The first time I traveled outside the United States, other than Canada, was to Mexico with my mom. We were embarking on a girls weekend and we had a phenomenal time. The highlight for me, as predicted, was the food. I was especially incapacitated around this incredible soup. Sopa de tortilla. It sounded like a romantic phrase, meant to entice a lover and entice me it did. When we left the country to return home, I craved this soup with ferocity. Every time I returned, I made a point of ordering this soup in as much quantity and as often as possible. It was something about the familiarity of the tomato base, with the stringiness of the cheese and the depth of the avocado, highlighted with the sharp surprise of lime and cilantro. The blend of all these favorite was an intimately pleasurable experience.

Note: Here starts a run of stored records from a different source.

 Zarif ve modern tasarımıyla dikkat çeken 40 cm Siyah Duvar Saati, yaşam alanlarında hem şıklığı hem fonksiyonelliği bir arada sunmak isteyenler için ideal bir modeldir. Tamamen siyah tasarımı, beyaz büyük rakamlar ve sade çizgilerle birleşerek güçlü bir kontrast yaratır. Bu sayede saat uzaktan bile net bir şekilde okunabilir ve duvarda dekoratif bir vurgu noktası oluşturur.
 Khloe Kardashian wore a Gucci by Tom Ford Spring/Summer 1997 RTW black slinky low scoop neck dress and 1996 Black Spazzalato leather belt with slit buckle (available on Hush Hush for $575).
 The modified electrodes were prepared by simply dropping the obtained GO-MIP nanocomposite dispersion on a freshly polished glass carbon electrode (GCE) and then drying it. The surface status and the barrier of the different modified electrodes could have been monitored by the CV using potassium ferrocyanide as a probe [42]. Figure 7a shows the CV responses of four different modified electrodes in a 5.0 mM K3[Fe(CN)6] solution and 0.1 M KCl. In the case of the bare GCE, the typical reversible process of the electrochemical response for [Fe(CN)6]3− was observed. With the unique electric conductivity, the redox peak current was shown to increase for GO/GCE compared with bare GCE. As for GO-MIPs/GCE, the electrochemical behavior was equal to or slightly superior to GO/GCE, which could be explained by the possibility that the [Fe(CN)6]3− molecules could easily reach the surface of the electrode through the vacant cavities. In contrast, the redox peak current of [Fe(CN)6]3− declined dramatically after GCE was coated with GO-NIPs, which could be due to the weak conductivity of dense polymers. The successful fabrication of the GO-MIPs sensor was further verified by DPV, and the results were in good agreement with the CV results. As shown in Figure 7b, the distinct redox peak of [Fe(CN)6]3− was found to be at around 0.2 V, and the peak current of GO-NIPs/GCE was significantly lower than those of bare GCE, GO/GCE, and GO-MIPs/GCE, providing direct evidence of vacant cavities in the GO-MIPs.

I stumbled upon a recipe that appeared within my reach, and I invited some friends to participate in the experiment. It was delightful.

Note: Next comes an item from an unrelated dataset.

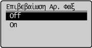 ] για να επισημάνετε την επιλογή <Off> or <On> και, στη συνέχεια, πατήστε το πλήκτρο [OK].
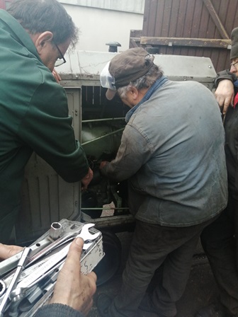 L’alternateur du petit gris 0B0-11 semblait poser un problème car la charge de la batterie ne se fait pas correctement. Celui-ci a été démonté par François B., aidé de Pierre M et Jean-Pierre La. pour le passer au banc chez notre fournisseur. Nous verrons ainsi s’il s’agit d’un problème d’alternateur, de batterie ou de câblage.

I have returned to Mexico several times with my mother and often it is to relax, enjoy and embark on adventures. I have brought friends, family and my spouse. My husband and I just returned from our most recent trip, with a stronger love for family and a new appreciation for those that love us. My husband’s passport was stolen and in order to get home he was challenged to cross the border at Tijuana. With lots of love, prayers and thoughts sent his way, he succeeded and found refuge in the home of my best friend’s parents. This soup reminds me a lot of this trip. Somewhat frustrating and foreign but full of love, warmth and keeps you coming back again and again.

Place chili in small, heatproof bowl; pour boiling water over and let soak 30 minutes. While chili is sitting, I usually start this recipe by cutting all the vegetables and placing them in a bowl together. Once chili is done, drain, remove stem and seeds. Slice into 1/2 inch strips and set aside.

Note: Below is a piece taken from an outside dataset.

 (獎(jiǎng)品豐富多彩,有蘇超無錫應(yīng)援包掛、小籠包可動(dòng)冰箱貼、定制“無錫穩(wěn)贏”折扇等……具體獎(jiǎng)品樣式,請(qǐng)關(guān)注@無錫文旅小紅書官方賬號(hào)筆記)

In heavy Dutch oven or soup pan, heat olive oil over medium high heat. Add chicken; season with salt and pepper. Brown both sides, about 10 minutes. Add onion, carrots and celery. Continue to cook about 8 minutes, stirring often. Add garlic and cumin and cook an additional 2 minutes.

Add broth, tomatoes, reserved chili and cilantro and bring to boil. Reduce heat and simmer about 15 minutes.

With your hands, tear 3 tortillas into 2-inch strips and add to the soup. Continue to simmer about 15 minutes.

With a slotted spoon, remove chicken to a cutting board; take soup off heat. With an immersion blender, puree soup until smooth (or puree in small batches in a blender or food processor). With two forks, shred chicken; return to soup. Season soup taste with salt and pepper.

Slice remaining tortillas into 1/4 inch strips. In small sauce pan heat oil until very hot. Fry tortilla strips until crisp, about 1 minute, turning often. With a slotted spoon, removed strips to a paper-towel lined plate and season with salt.

Serve soup in bowls topped with tortilla strips and any or all of optional garnishes. You may substitute tortilla chips if you don’t feel like frying the strips but it’s not as incredible. You can also make your own Mexican sour cream by adding lime juice from 1/2 fresh lime and about 1/2 cup mayonnaise. Consistency should be like sour cream.